В пивную вошёл с девушкой молодой человек в чёрной кожанке, как оказалось – чекист. Они заняли столик неподалёку от четырёх поэтов. “Святая троица” начала подлый разговор, всячески вызывая Есенина на активное действие против молодого человека. В конце концов, плохо владеющий собой Сергей поддался на их провокационные выпады. А что же – “мужиковствующие”? Они вскочили с места и, не заплатив по счёту, бросились к выходу. Официанты и швейцар преградили им путь. Через десять минут приехала машина и четырёх поэтов увезли.

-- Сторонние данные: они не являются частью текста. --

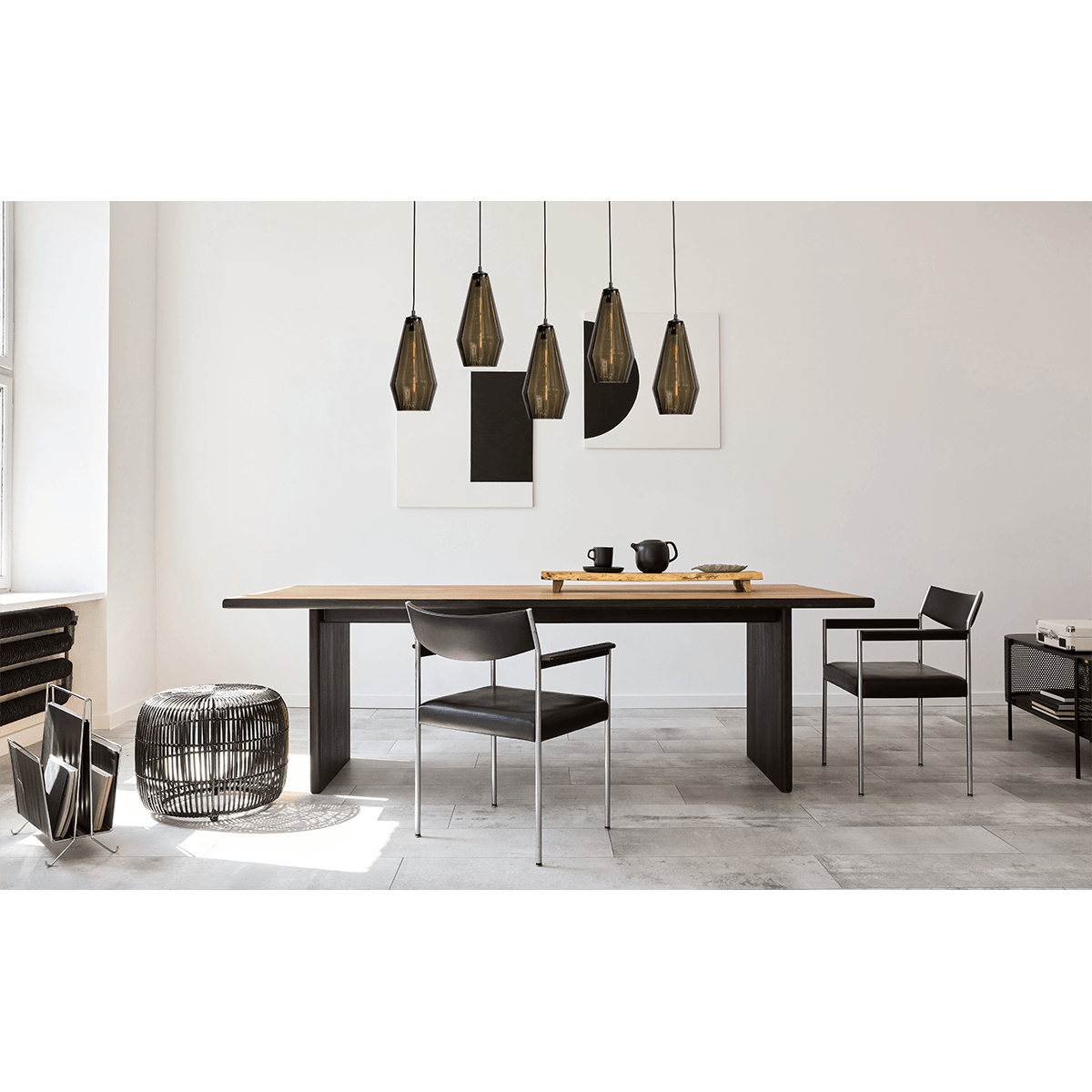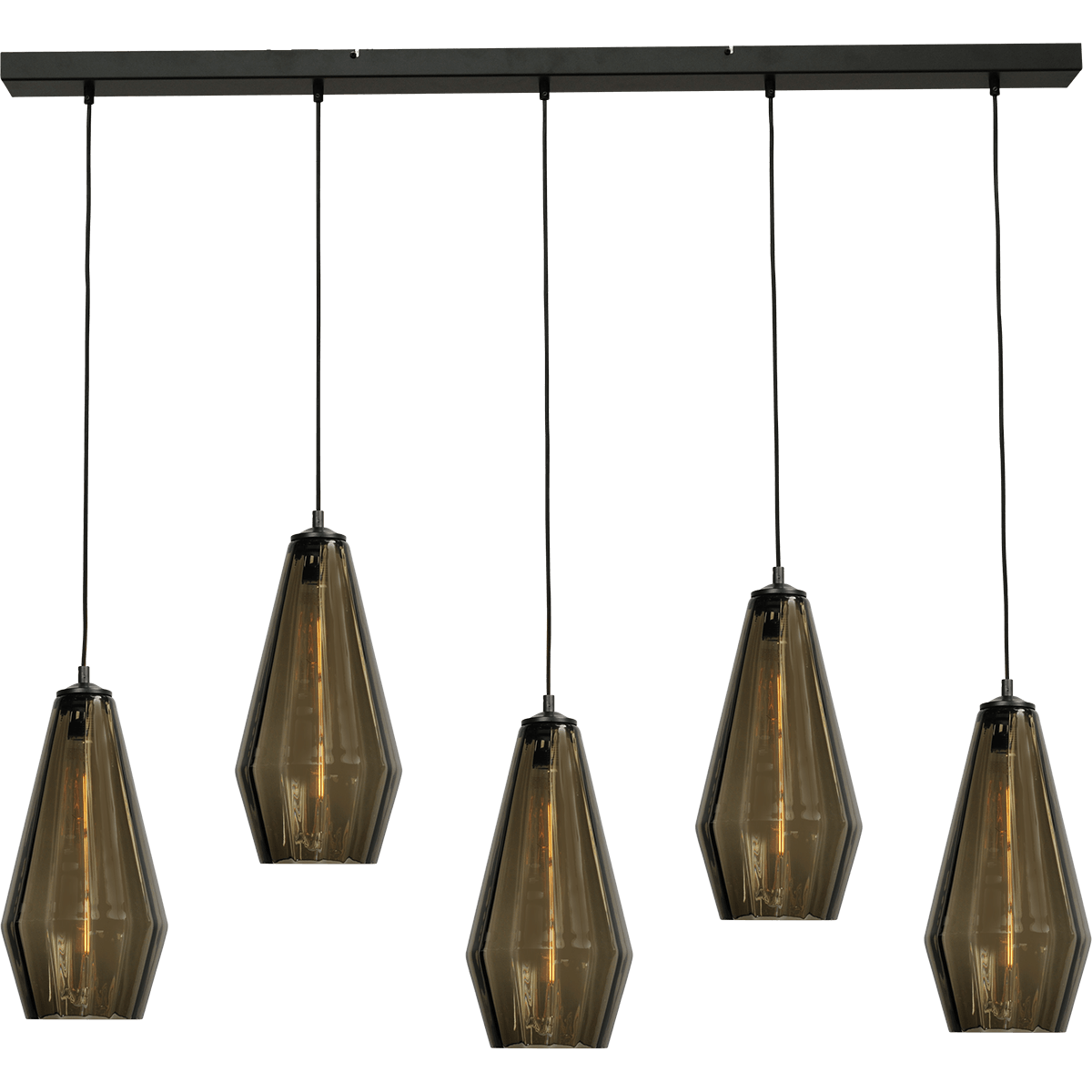 Hanglamp Diamond 5-lichts mat zwart 130x8cm, smoke glas, MASTERLIGHT

22 ноября 1923 года “Рабочая газета” напечатала заметку журналиста Л.С.Сосновского “Испорченный праздник”, в которой он обвинял поэтов в антиобщественном поступке. Но ведь следователь МЧК мог не знать, каким иезуитским способом действовали друзья-“мужиковствующие”. Я зашёл к Мариенгофу на Богословский, рассказал, что и как произошло. Он обругал “святую троицу” и сказал, что позвонит по телефону председателю Центропечати Борису Фёдоровичу Малкину. В то время в одной квартире со мной, дверь в дверь, жил брат Бориса Фёдоровича – Матвей. Он и сказал мне, что Борис Фёдорович куда-то уехал на две недели. Когда я сообщил об этом Анатолию, он развёл руками».229
Ройзман подаёт инцидент под маркой нелюбви Есенина к чекистам. Но это тот самый случай, что связан с антисемитскими высказываниями Есенина. Поэт назвал молодого человека «жидовской мордой» – и немедленно был вызван наряд.
Вскоре состоялся суд.
На суде среди прочих выступали и обиженная сторона, то бишь евреи – Львов-Рогачевский, Эфрос, Соболь, Полонский, – они-то и подчеркнули, что за многие годы знакомства и дружбы с Есениным не чувствовали в речах и поведении поэта ни ноты антисемитизма. Но это была не та тактика, которая привела бы к выигрышному результату.
Выступал и Мариенгоф. «Рабочая газета» повествовала:
Чего больше в этих словах – злобы или сочувствия? Попытки упрятать друга в тюрьму или наоборот – спасти от неё? В отличие от обвинителей, Мариенгоф акцентировал внимание на пагубной привычке Есенина и требовал медицинского вмешательства. В условиях того времени это был разумный поступок. За антисемитизм тогда карали строго. Стоит вспомнить только друга Есенина Алексея Ганина, который той же осенью 1924 года был арестован по делу об «Ордене русских фашистов», или Бориса Глубоковского, сосланного на Соловки. В такой переплёт мог попасть и Есенин, если бы его не считали гением и не отправили бы на принудительное лечение.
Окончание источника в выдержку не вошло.